• Try it:
Please return only the lines from the one with "圖為青海省海東市互助土族自治縣公安局東和派出所民警近日在油嘴灣景區(qū)開展普法宣傳。 費照林 攝" through the final line of the data, unchanged, with pictures omitted.

• Material provided:
• • • •
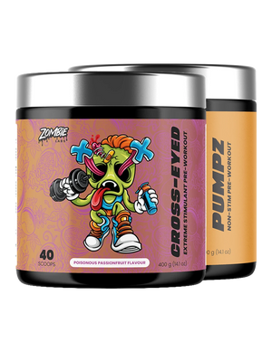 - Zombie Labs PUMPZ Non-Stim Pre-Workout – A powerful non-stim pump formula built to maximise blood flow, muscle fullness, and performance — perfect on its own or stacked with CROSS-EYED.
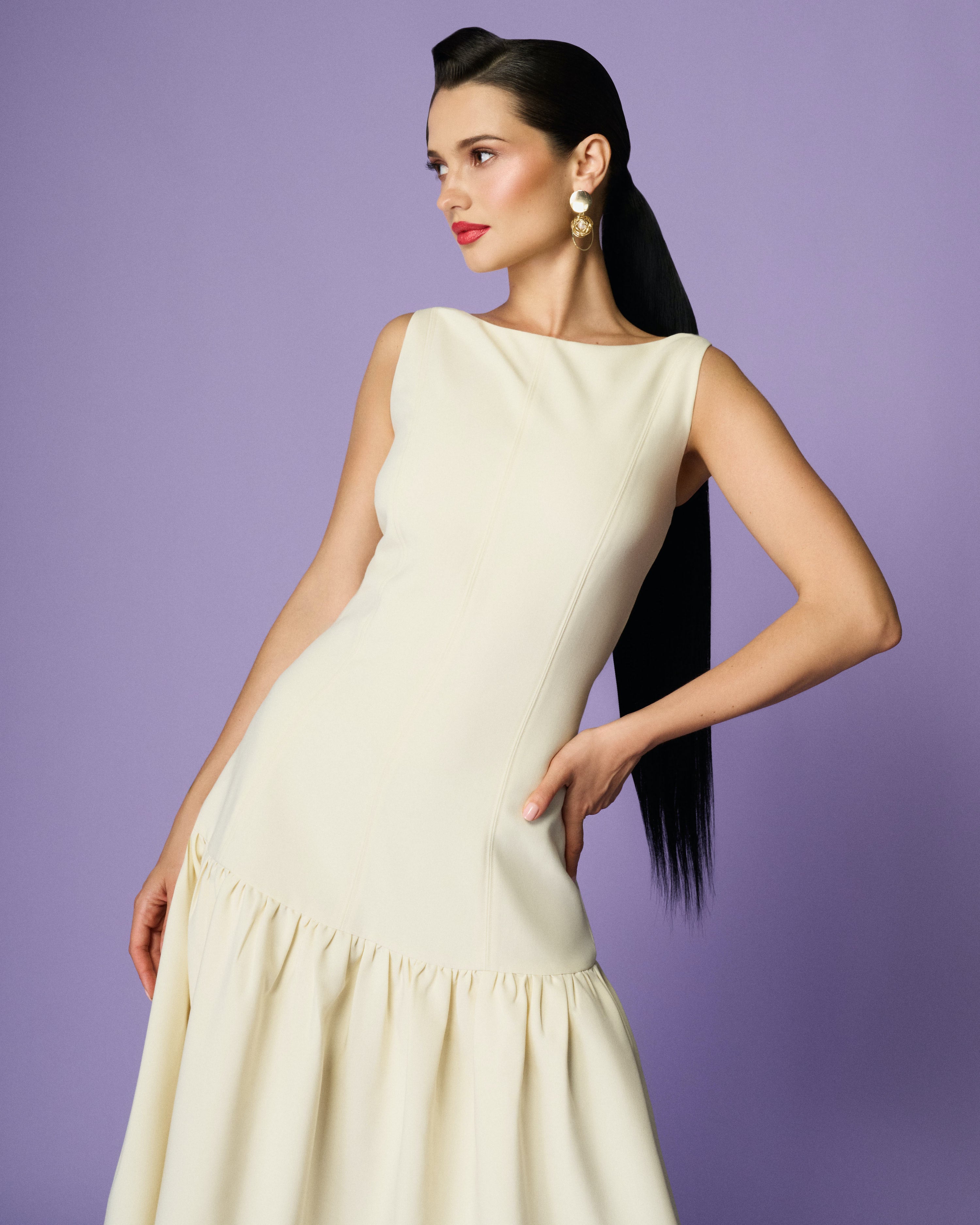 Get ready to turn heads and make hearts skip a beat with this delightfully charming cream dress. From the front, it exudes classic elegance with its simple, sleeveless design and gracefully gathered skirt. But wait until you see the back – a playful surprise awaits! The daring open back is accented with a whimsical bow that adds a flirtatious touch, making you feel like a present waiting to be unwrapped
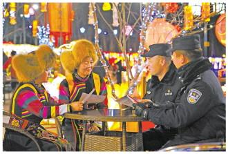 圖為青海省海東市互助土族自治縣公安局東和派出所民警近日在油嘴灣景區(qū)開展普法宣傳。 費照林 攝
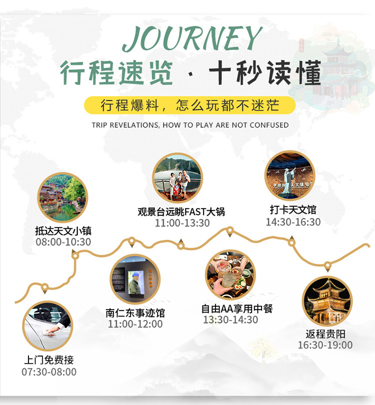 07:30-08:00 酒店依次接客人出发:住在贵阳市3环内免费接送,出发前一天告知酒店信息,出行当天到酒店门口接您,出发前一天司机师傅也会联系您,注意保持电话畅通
• • • •
• Response area:
 圖為青海省海東市互助土族自治縣公安局東和派出所民警近日在油嘴灣景區(qū)開展普法宣傳。 費照林 攝
 07:30-08:00 酒店依次接客人出发:住在贵阳市3环内免费接送,出发前一天告知酒店信息,出行当天到酒店门口接您,出发前一天司机师傅也会联系您,注意保持电话畅通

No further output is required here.